[ASSIGNED TASK]
In your copy, include every entry exactly as written but no pictures.

*** Opening DATA FOR REVIEW ***

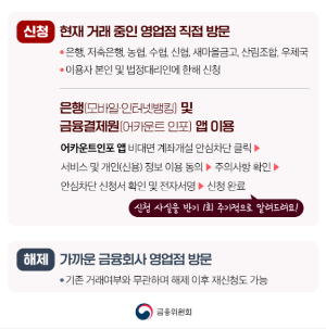 - 본인 의사에 따라 자유롭게 설정 변경 가능 - 필요할 때 일시 해제 후 계좌 개설, 이후 재차 단 가능
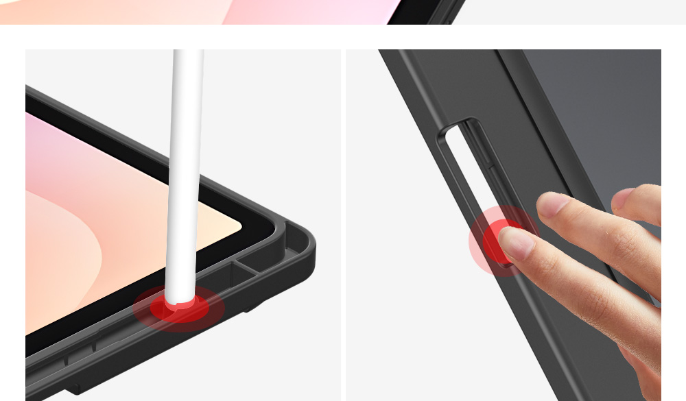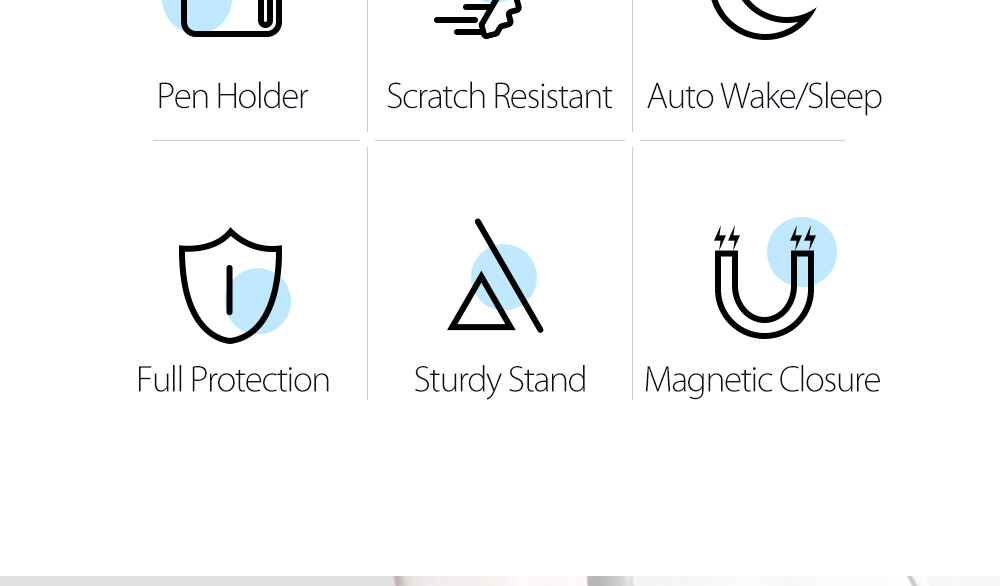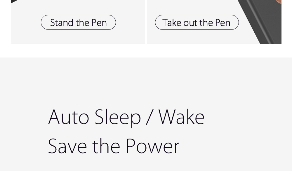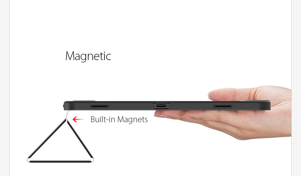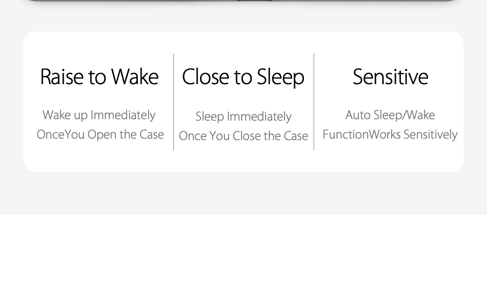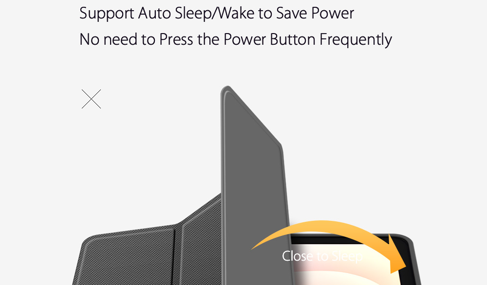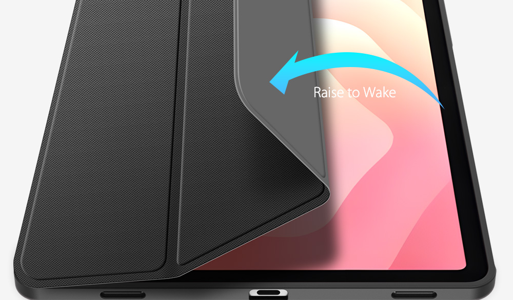 Comes with wake/sleep function, raise the case, the tablet wakes up; close the case, the tablet sleeps.
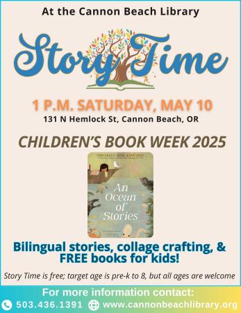 It’s Children’s Book Week and we’re celebrating with STORY TIME! Come to the Cannon Beach Library Saturday, May 10th at 1 p.m. to listen to bilingual stories (English/Spanish). Stay for collage crafting – come make a card or something special for mom. Free children’s books for participants. Best suited for ages 0-8, but all ages are always welcome.
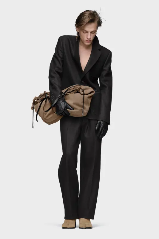 This jacket is crafted in felted wool for soft structure and natural weight. Designed with a sharp lapel and relaxed silhouette, it features oversized patch pockets and stitched detailing at the cuffs – a subtle expression of subversive tailoring. At the back, the Maison’s signature four stitches appear; the opposite of a label.
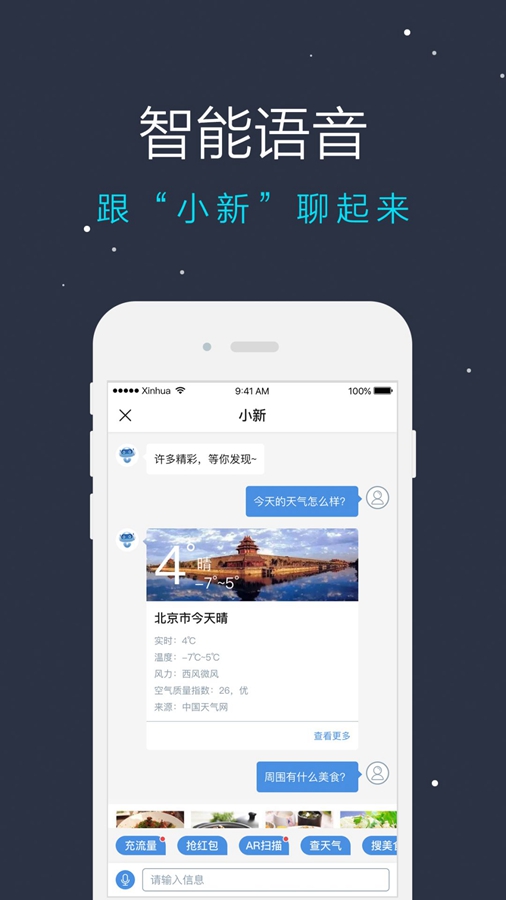 據(jù)悉,新華社客戶端還將進(jìn)一步向便民服務(wù)拓展,并接入智能語(yǔ)音交互,用戶可隨時(shí)語(yǔ)音呼叫“小新”,有問(wèn)必答。
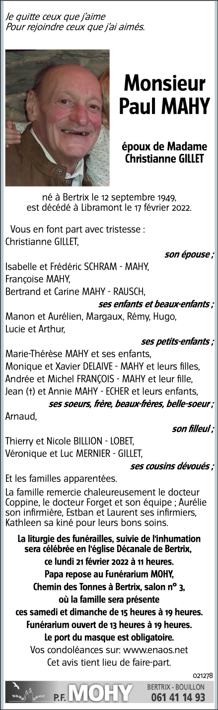 Décédé à Libramont (6800) le jeudi 17 février 2022 à l'âge de 72 ans
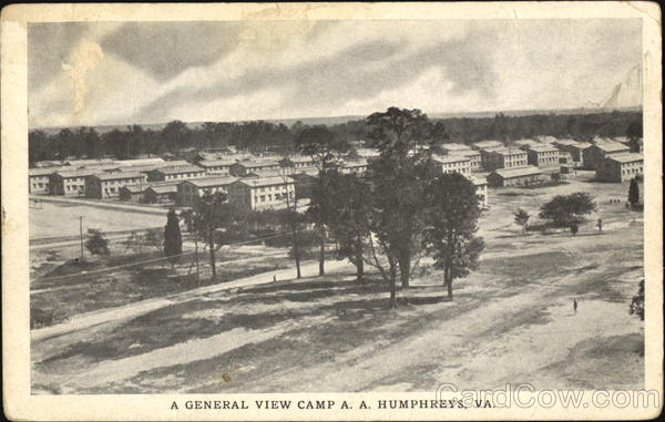 Front: A GENERAL VIEW CAMP A. A. HUMPHREYS, VA. Back: THE HAMENT-ROMANS COMPANY Phoenix Building, Baltimore, Md. QUALITY Quaters/fere for 100,000 men. Leonard Hills World War HERE
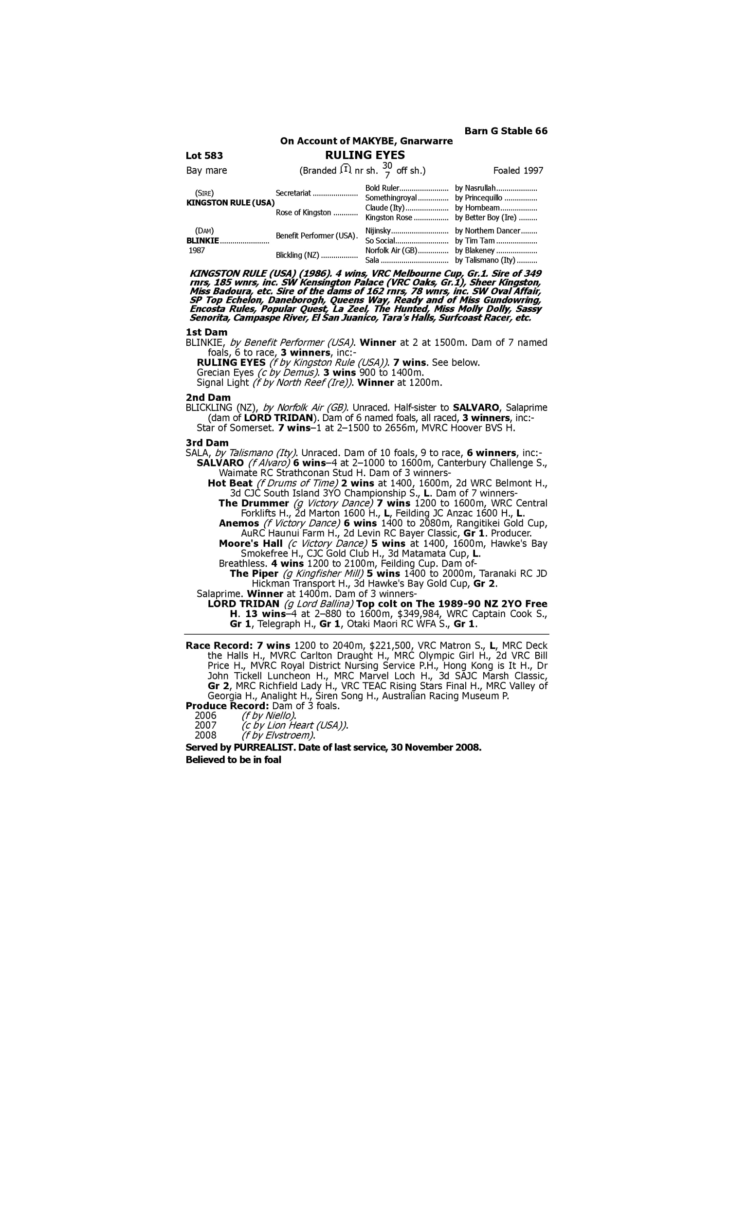 Derivative Receipt (2002.g. by Naturalism-Silent Water, by Pre Emptive Strike-Ponsalu). 1st Tamworth JC Coca Cola Amatil M'Nington H. Capone (2006.g. by Dash for Cash-Early Bloom, by Tolomeo-Just Blooming). 1st TRC (Hobart) Old Virgilians H. 1st TRC (Hobart) Betfair.com 2YO Classic Kenny Starfighter (2002.g. by Turbulent Dancer-Hilary Princess, by St Hilarion-Like a Princess). 1st North Canterbury RC Painted Black @ Greenacres H. Major Canny (2004.g. by Canny Lad-Molly Singer, by El Moxie-Musical Lover). 1st Kalgoorlie Boulder RC R.S. L/Legacy Sprint H.
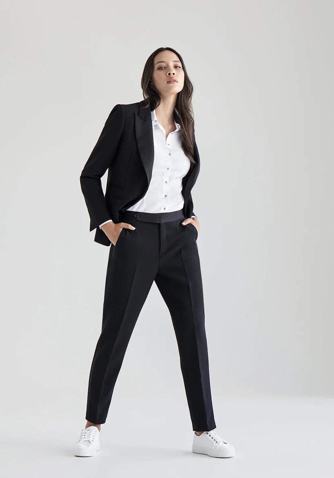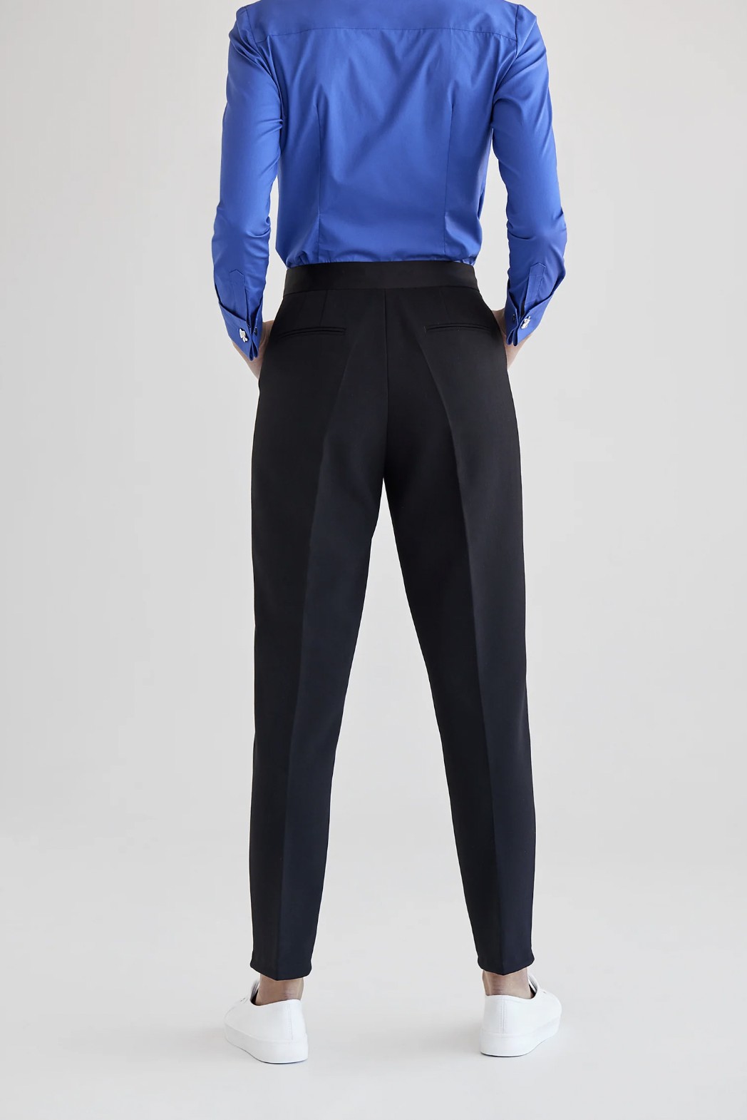Take the power suit to the next level with the Asteria Tux Pants in black onyx. Named after the Goddess of the Stars, Asteria, the Tux pants are the foundation of the Faurie Tux – the ultimate strong suit you can step out in every day.
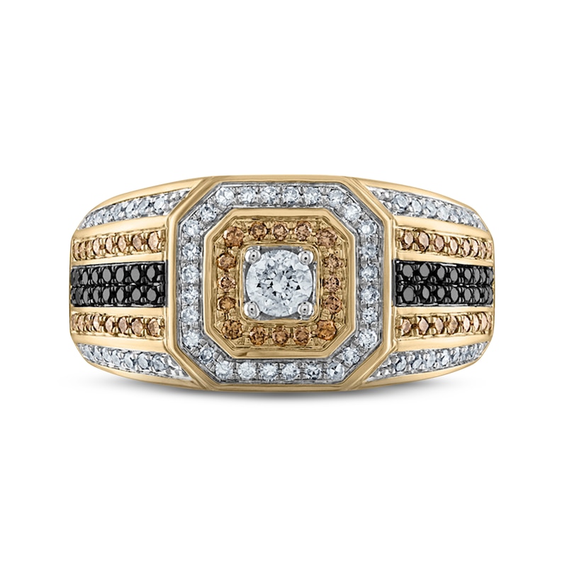 This magnificent ring for him features a brilliant round-cut diamond framed in rich round-cut brown diamonds. An outer frame of round white diamonds adds extra radiance to the striking octagon design, while rows of round black, brown and white diamonds boldly adorn the band. Styled in timeless 10K yellow gold, the ring has a total diamond weight of 7/8 carat.
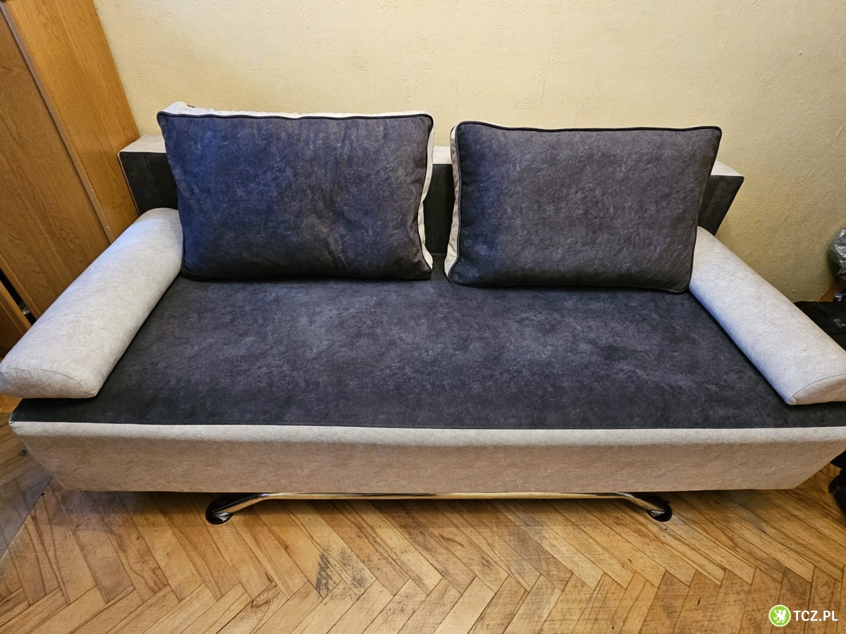 Treść ogłoszenia Sprzedam tapczan używany, stan dobry, kolory grafit/kremowy długość 198 cm szerokość po rozłożeniu 143 cm, szerokość po złożeniu 92 cm. Duża skrzynia na pościel. Odbór osobisty.

*** Closing DATA FOR REVIEW ***

[COMPLETED EXERCISE]
 - 본인 의사에 따라 자유롭게 설정 변경 가능 - 필요할 때 일시 해제 후 계좌 개설, 이후 재차 단 가능
 Comes with wake/sleep function, raise the case, the tablet wakes up; close the case, the tablet sleeps.
 It’s Children’s Book Week and we’re celebrating with STORY TIME! Come to the Cannon Beach Library Saturday, May 10th at 1 p.m. to listen to bilingual stories (English/Spanish). Stay for collage crafting – come make a card or something special for mom. Free children’s books for participants. Best suited for ages 0-8, but all ages are always welcome.
 This jacket is crafted in felted wool for soft structure and natural weight. Designed with a sharp lapel and relaxed silhouette, it features oversized patch pockets and stitched detailing at the cuffs – a subtle expression of subversive tailoring. At the back, the Maison’s signature four stitches appear; the opposite of a label.
 據(jù)悉,新華社客戶端還將進(jìn)一步向便民服務(wù)拓展,并接入智能語(yǔ)音交互,用戶可隨時(shí)語(yǔ)音呼叫“小新”,有問(wèn)必答。
 Décédé à Libramont (6800) le jeudi 17 février 2022 à l'âge de 72 ans
 Front: A GENERAL VIEW CAMP A. A. HUMPHREYS, VA. Back: THE HAMENT-ROMANS COMPANY Phoenix Building, Baltimore, Md. QUALITY Quaters/fere for 100,000 men. Leonard Hills World War HERE
 Derivative Receipt (2002.g. by Naturalism-Silent Water, by Pre Emptive Strike-Ponsalu). 1st Tamworth JC Coca Cola Amatil M'Nington H. Capone (2006.g. by Dash for Cash-Early Bloom, by Tolomeo-Just Blooming). 1st TRC (Hobart) Old Virgilians H. 1st TRC (Hobart) Betfair.com 2YO Classic Kenny Starfighter (2002.g. by Turbulent Dancer-Hilary Princess, by St Hilarion-Like a Princess). 1st North Canterbury RC Painted Black @ Greenacres H. Major Canny (2004.g. by Canny Lad-Molly Singer, by El Moxie-Musical Lover). 1st Kalgoorlie Boulder RC R.S. L/Legacy Sprint H.
Take the power suit to the next level with the Asteria Tux Pants in black onyx. Named after the Goddess of the Stars, Asteria, the Tux pants are the foundation of the Faurie Tux – the ultimate strong suit you can step out in every day.
 This magnificent ring for him features a brilliant round-cut diamond framed in rich round-cut brown diamonds. An outer frame of round white diamonds adds extra radiance to the striking octagon design, while rows of round black, brown and white diamonds boldly adorn the band. Styled in timeless 10K yellow gold, the ring has a total diamond weight of 7/8 carat.
 Treść ogłoszenia Sprzedam tapczan używany, stan dobry, kolory grafit/kremowy długość 198 cm szerokość po rozłożeniu 143 cm, szerokość po złożeniu 92 cm. Duża skrzynia na pościel. Odbór osobisty.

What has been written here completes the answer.